Impact of scientist reciprocity strategies on publication bias over time in confidential vs. open peer review. Triangles: indirect reciprocity (confidential peer review); circles: direct reciprocity (open peer review). (Values averaged over 200 realizations.)

Figure 3 compares various open peer review scenarios. While in the previous scenario, we considered reciprocity strategies that were enacted simply by competitive signals, here we considered more sophisticated signals. We assumed that transparency led reviewers to estimate the status of the manuscript authors they were matched with while knowing at the same time that authors could do the same in their turn at the end of the process. This is especially relevant when considering all potential author–reviewer matching, including low-status reviewers, e.g. Ph.D. students or post-docs, being asked to review submissions by authors of higher status. As previously mentioned, as a benchmark, we created a scenario in which status perception was not linearly linked to scientist productivity in that a variety of possible distortions exist beyond productivity-based status, e.g. academic seniority, power, or personal relationships.

Figure 3.

Impact of author status on publication bias over time in confidential vs. open peer review. Triangles: direct reciprocity; squares: status; circles: bias. (Values averaged over 100 realizations.)

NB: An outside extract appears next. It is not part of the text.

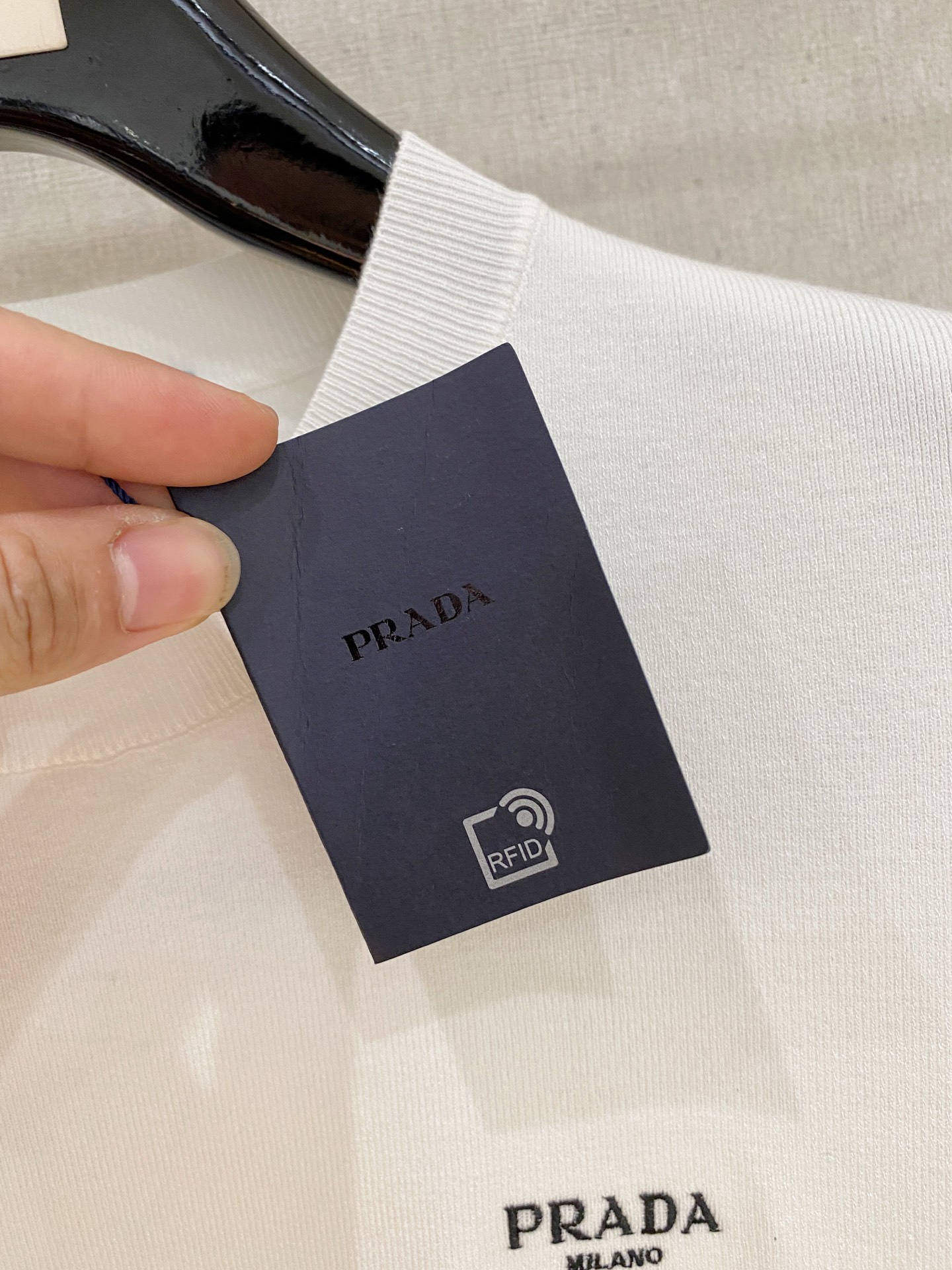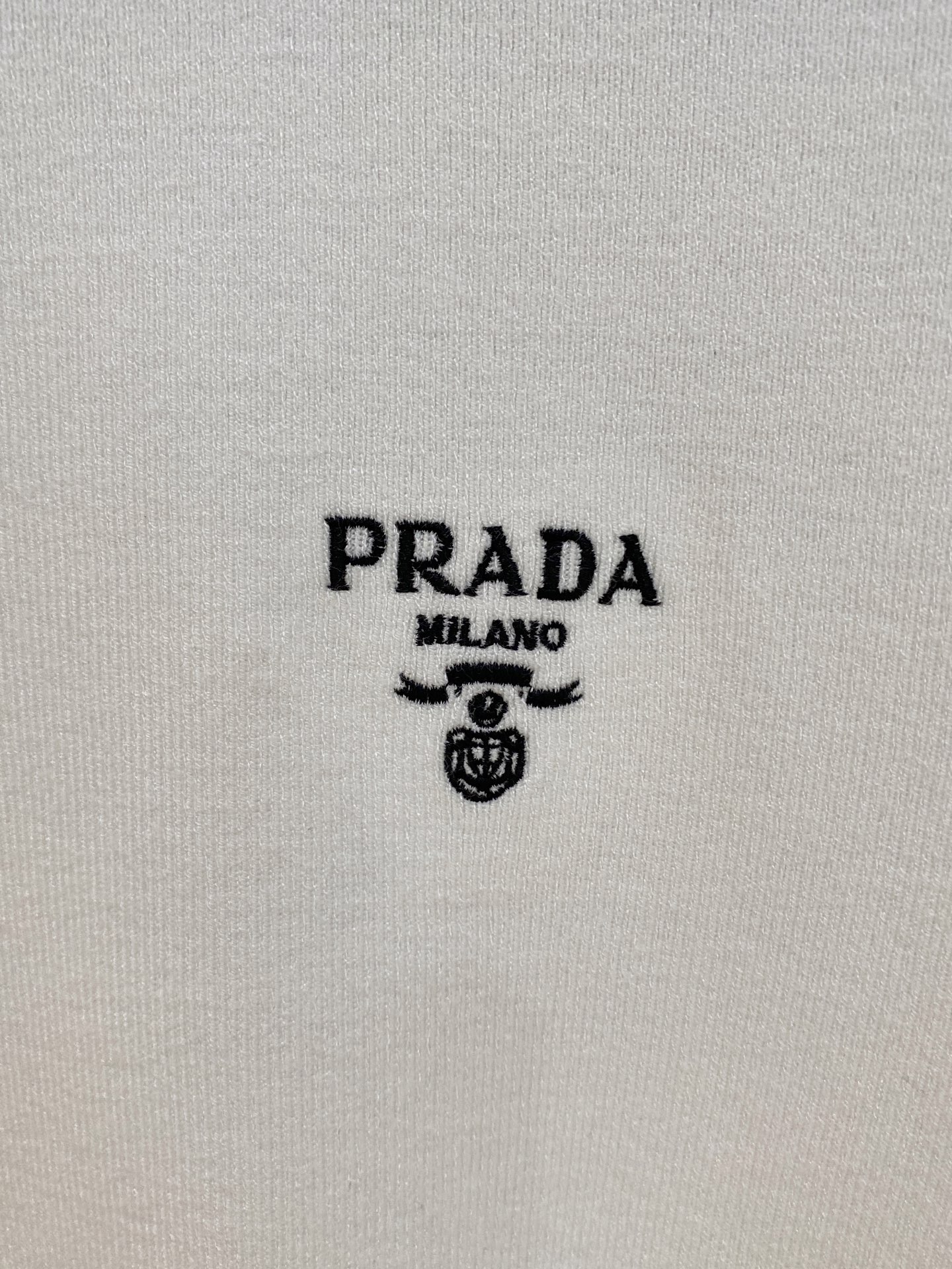 这款衣服是AAAAA 1:1 质量 (非常棒). 使用了和原版一模一样的材料. 商标部分也保持了和普拉达/Prada一样. 图片拍摄是实物衣服拍摄, 您所收到的实物保证和我们图片一模一样.

The results showed that regardless of the source of status, publication bias tended to converge to the level of 70 per cent mentioned above. This had a detrimental effect on the average quality of publications in all scenarios (see Fig. 4).

Figure 4.

Impact of reviewer behavior on the average quality of published papers under different peer review models. Black: confidential peer review; white: open peer review. (Values calculated at last iteration and averaged over 200 realizations.)

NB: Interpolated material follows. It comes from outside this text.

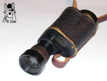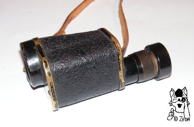 | Von der Warschauer Optikfabrik PZO (Polskie Zaklady Optyczne) kommt dieses 6x30 Monokular. Das Achromat-Logo auf dem Deckel ist mit "PZO WARSZAWA" beschriftet. Andere Kennzeichnungen gibt es nicht. Das 6x30 könnte aus der Zeit des 2. Weltkriegs stammen. Das Gehäuse ist mit einem anthrazit-farbenen Rauhlack ummantelt, die Messingdeckel und die Objektivfassung sind schwarz lackiert. Die Dioptrieskala reicht von plus bis minus Fünf. Die Plastikaugenmuschel ist evtl. nicht die originale. | Made by the Warzaw optical plant PZO (Polskie Zaklady Optyczne) this 6x30 monocular bears a achromat lens logo inscribed with "PZO WARSZAWA", but no other markings. The 6x30 may date from WWII times. The housing is covered with a crinkle paint finish, the brass cover plates and the objective frame are painted black. The dioptre scale ranges from plus to minus five. The plastic eyecup does not look to be the original one. |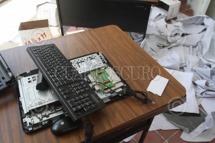 OAXAQC, OAXACA., 08SEPTIEMBRE2016.- Egresados de las once escuelas normales vándalo zarpan este viernes las oficinas de Certificación del Instituto Estatal de Educación Publica de Oaxaca (IEEPO) ubicadas en la calle de Abasolo de la cuidad de Oaxaca. En dicho sitio realizaron distintos destrozos y presuntamente robaron equipos de cómputo personales y teléfonos celulares. FOTO: ARTURO PÉREZ ALFONSO /CUARTOSCURO.COM

It is worth noting here that we assumed a relatively fair scenario in that status affects only scientists’ behavior during peer review. We did not contemplate scenarios in which reviewers could be retaliated to by the punished authors more academically, e.g. high-status scientists refusing to hire colleagues who provided a negative review on a previous manuscript of theirs.

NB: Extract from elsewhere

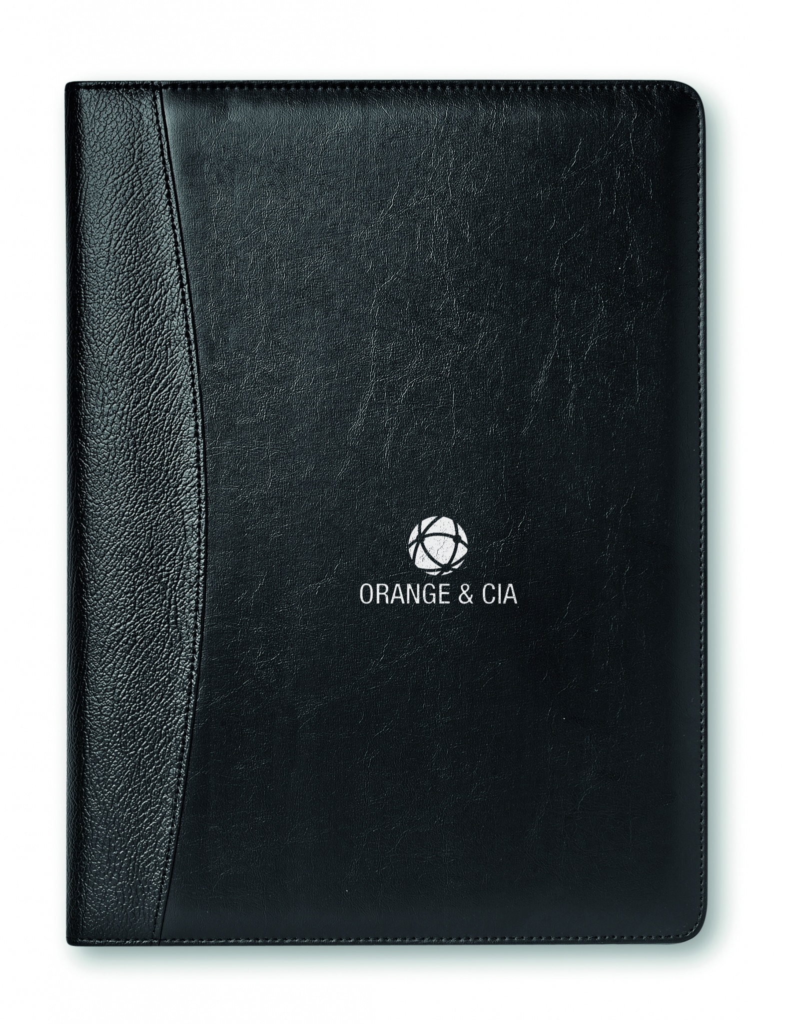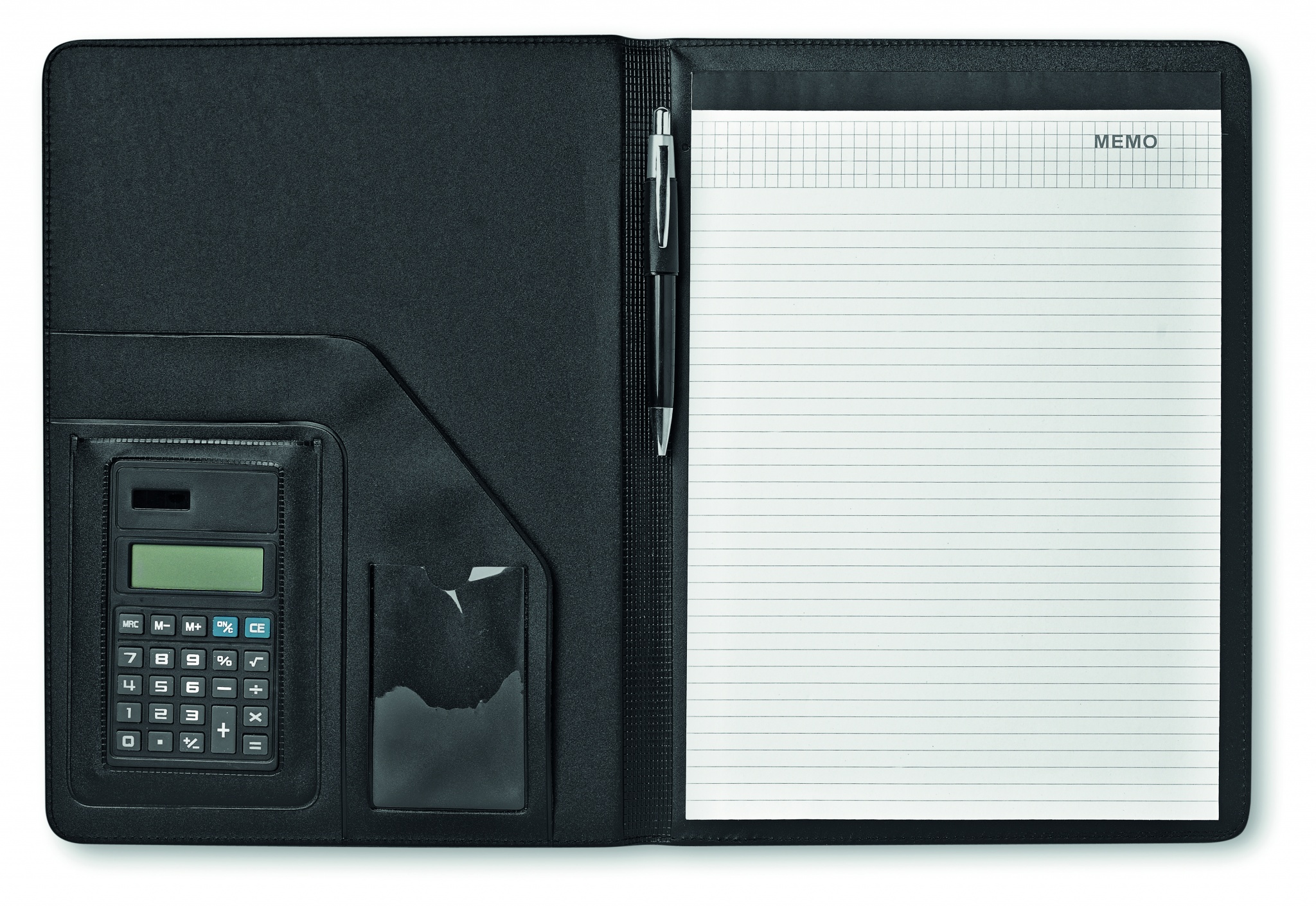 A4 faux leather portfolio. 20 lined sheets notepad. Solar powered calculator. Metal ball pen. Blue ink.

Figure 5 shows a comparison of simulation scenarios on reviewing expenses, which was a measure of system efficiency. The results showed that open peer review was more demanding in terms of resources at a system level. Indeed, this caused a resource drain from research almost twice the amount of resources consumed in random peer review (unreliable) and about 10 per cent more of the other scenarios in confidential peer review. This would confirm previous experimental findings on more time and resources required by reviewers when under open peer review (e.g. Bruce et al. 2016). Note that the low resource waste of confidential peer review when reviewers had a constant probability of being unreliable depends on the assumption that being unreliable means providing a random opinion on a manuscript without spending time in reading it carefully (e.g. Squazzoni and Gandelli 2013; Bianchi et al. 2018).

Figure 5.

Impact of reviewer behavior on reviewing expenses under different peer review models. Black: confidential peer review; white: open peer review. (Values calculated at last iteration and averaged over 200 realizations.)

Finally, when looking at resource distribution at the system level and comparing all scenarios, we found that whenever reviewers are sensitive to reciprocity motivations, open peer review would decrease the inequality in resource distribution between scientists by 10 per cent compared to confidential peer review (Gini index of 0.25 vs. 0.35; see Supplementary Figure S4). Coherently with previous simulation findings (Squazzoni and Gandelli 2013), and given the draconian ‘publish or perish’ academic environment assumed in the model where all resources invested in manuscripts are lost whenever they are rejected, inequality would increase only when reviewers are fair and under confidential peer review. In short, in our hypothetical and artificial scenarios, open peer review would increase publication bias but decrease inequality.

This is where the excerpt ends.